A Japan offensive forces the Amur river at Dzalinda and cuts the Transiberian railway.

July-August 1916: Combined German-Hungarian and Italo-Bulgarian offensives break the Russian-Romanian army and overrun Wallachia. Bucharest falls. Russian forces retreat to Moldavia.

Swedish landings in Turku outflank the Finland front in Tampere. The Russian army retreats on the Hudenvese to cover Helsinki. Russian presence in Finland is restricted to the southeastern strip.

Allied landings in Kanakkale and Tuzla secure the Asian side of the Straits. Allied fleets force the Bosporus.
General Japanese offensive breaks the Amur line. The Russian forces retreat from Outer Manchuria.

September-October 1916: the British land at Odessa and the Allied armies in Moldavia renew their offensive. Three Russian armies are destroyed; the others are pushed beyond the Bug river. Romania is completely overrun and surrenders.

Constantinople surrenders. The Ottoman Empire signs an armistice.

The Far Eastern front is stabilized on the Stanovoy Mountains.

November-December 1916: the Eastern Front stabilizes as the Russians retreat beyond the Dnepr river.

Unrest grows in Russia about the repeated military defeats, the heavy casualties, and the severe economic hardships caused by the blockade.
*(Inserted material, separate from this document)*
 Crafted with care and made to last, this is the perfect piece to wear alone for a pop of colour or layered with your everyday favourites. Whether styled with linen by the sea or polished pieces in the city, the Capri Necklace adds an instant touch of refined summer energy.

February-April 1917: Revolution erupts in Russia. The Czar is deposed. The Duma establishes a Provisional Government. A rival power center develops in the All-Russian Congress of Soviets. The Russian Army collapses.

Armistice talks are started but break down when Russian representatives reject the Allies’ demands (independence for Finland, the Baltic duchies, Belarus, Ukraine, and Poland).
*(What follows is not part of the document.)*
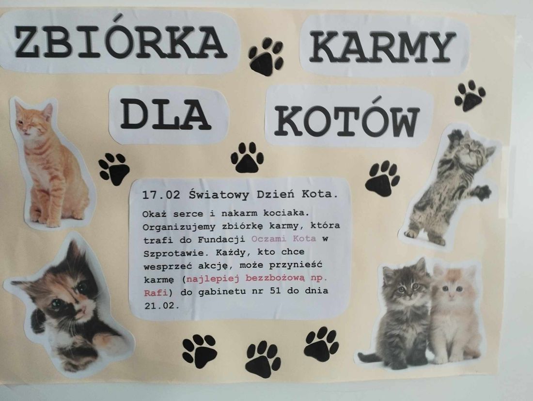 Z okazji Światowego Dnia Kota w szkole odbyła się zbiórka karmy zorganizowana przez klasę 3 LO na podopiecznych Fundacji Oczami Kota w Szprotawie. Dzięki zaangażowaniu młodzieży udało się zebrać w sumie ok. 30 kg karmy, która trafiła do kotów będących pod opieką Fundacji. Dziękujemy!

Allied armies start a general advance on the Eastern front and occupy Latvia, Estonia, Helsinki, Vyborg, Karelia, Pskov, eastern Belarus, Smolensk, Bryansk, Kursk, eastern Ukraine, Kharkov, Donetsk, and Rostov.

The provisional Government of Russia resigns itself to the inevitable and signs the Armistice of Brest-Litovsk, which gives up the control of Poland, the Baltic duchies, Finland, Karelia, Belarus, Ukraine, Transcaucasia, and Inner/Outer Manchuria to the Allies.
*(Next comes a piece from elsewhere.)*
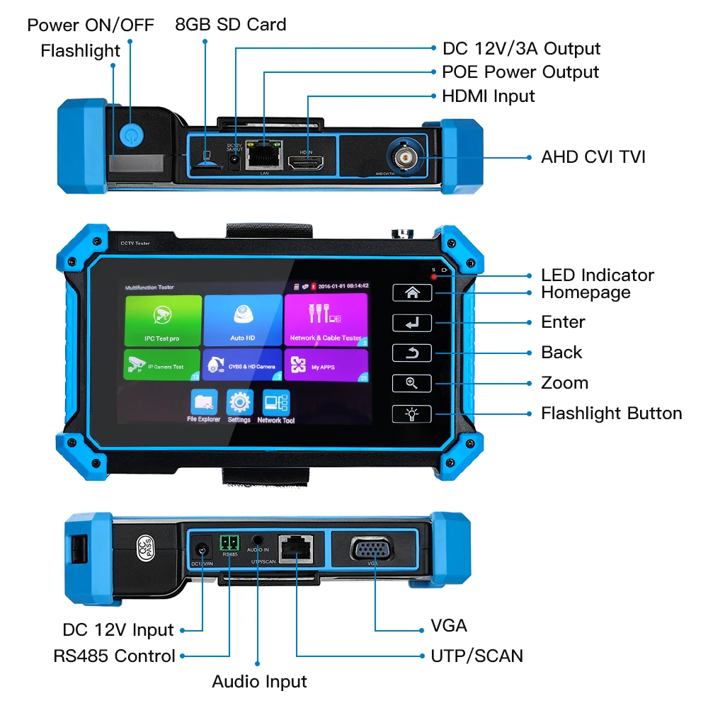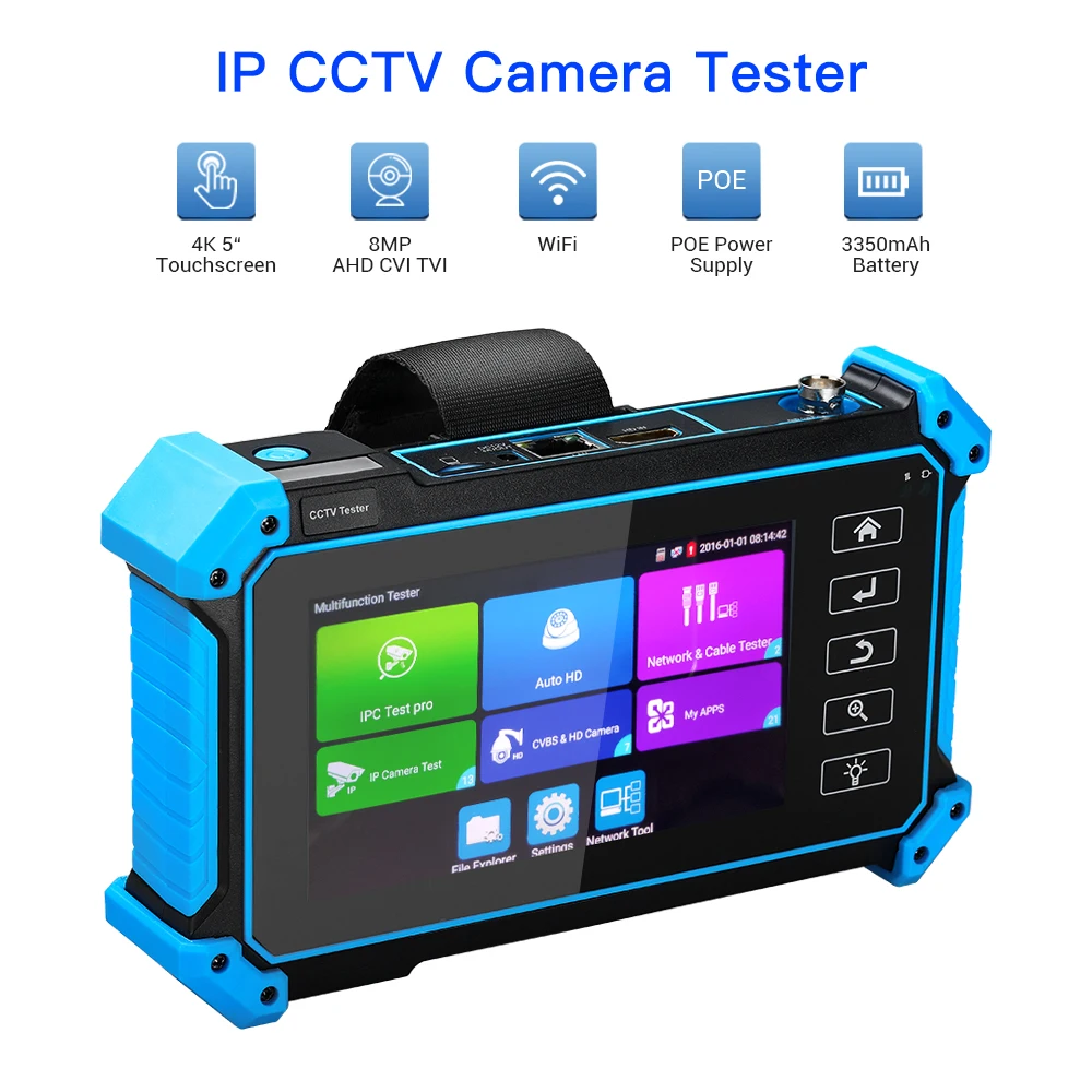 5-дюймовый IPS сенсорный экран IP-камера тестер предназначен для обслуживания и установки IP аналоговых, HD коаксиальных камер, а также другого оборудования безопасности. Разрешение 1920*1080 позволяет ему отображать сетевые HD-камеры и аналоговые камеры в высоком разрешении. Устройство поддерживает множество функций ONVIF PTZ и аналогового управления PTZ, а также тестирования кабеля. Монтажникам систем видеонаблюдения часто приходится носить с собой различные испытательные инструменты, чтобы завершить свою работу. Если взять тестер для камеры «все в одном», что делает условия работы более безопасными и повышает производительность.Особенности:

May 1917: Peace talks are started between France and the Allies but soon break down as France balks at the harsh peace terms proposed by the Allies (return of Alsace-Lorraine, Nice, Savoy, and Belgium, cession of French Flanders, Lorraine, eastern Provence, Corsica, almost all French colonies, heavy reparations, radical demilitarization).

The Allies send an ultimatum to Spain and ask her to close her borders to French commerce. Spain agrees. French industry is completely cut off from foreign commodities. The Allies move troops to the Western front.

June-September 1917: Massive offensives are unleashed by the Allies in Belgium, Alsace-Lorraine, and the Alps. Allied fleets bomb the ports of Calais, Dunkirk, Boulogne, Ostend, St. Valery, Dieppe, and Le Havre, and troops are landed to occupy these ports.

After three months of heavy fighting, the overstretched and weary French armies collapse and multiple breakthroughs occur at Antwerp, Liege, Metz-Verdun, Nancy, Chambery, Grenoble, and Frejus. A general French retreat starts.

October-November 1917: Bruxelles, Namur, Rheims, Chaumont, Grenoble, Toulon, fall to the Allies.

The Allied armies advancing from the occupied Flemish ports and from Champagne occupy Amiens and Compiegne, and encircle the French armies retreating from Belgium. Dijon, Lyon, Marseille fall.

Paris is besieged. The French President and government flee to Bordeaux, resign and flee to Spain. A caretaker government takes over and offers surrender.